British long-distance runner (1894–1964)

Albert Robert Mills (16 January 1894 - 6 December 1964) was a British long-distance runner, who competed in the marathon at the 1920 and 1924 Summer Olympics.

== Career ==
Mills finished second behind Charles Clibbon in the 10 miles event at the 1920 AAA Championships. One month later, he competed at the 1920 Olympic Games in Antwerp, Belgium.

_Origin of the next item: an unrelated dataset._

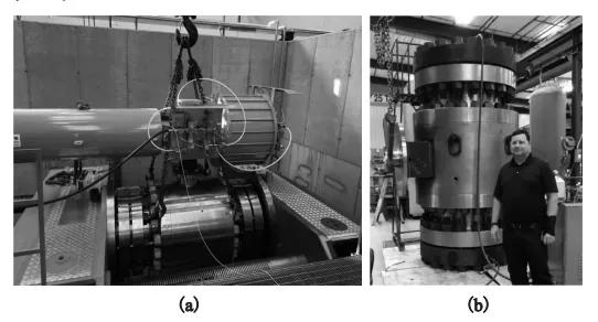In the test, it was found that when the flange with a spiral wound gasket sealing structure is adopted (Figure 2a); the top cylinder type compress can assist with the sealing of the middle flange. It did not leak for the first test. After the axial force is not applied, the screws of middle flanges will loosen; the flange will leak when tested again.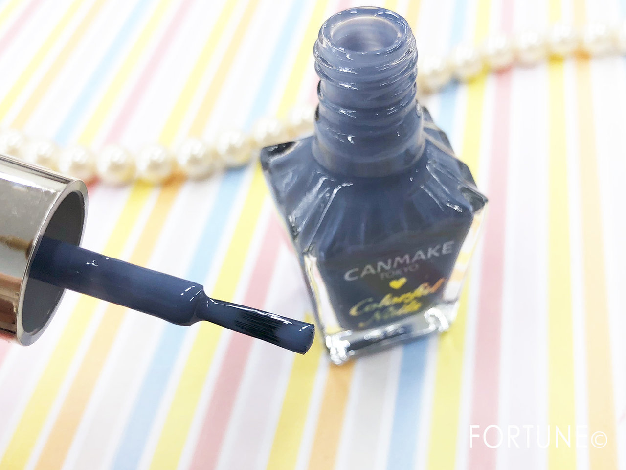 キャンメイクのカラフルネイルズの筆は、塗りやすい平筆タイプでコシのある黒い刷毛が扇状に広がり簡単に綺麗にムラなく塗る事ができます。利き手の爪も綺麗に仕上がる!!速乾タイプなので時間がない時でも使えてセルフネイル初心者さんにもオススメ!

He ran his first marathon in 1920, winning the Poly race in a new British record of 2:37:40.4. He also won the Poly race in 1921 and 1922, and competed for England internationally in cross-country running in 1920–1921 and 1923.

Mills represented Great Britain again at the Olympic Games in the marathon event at the 1924 Olympics and finished second behind Sam Ferris in the marathon event at the 1926 AAA Championships.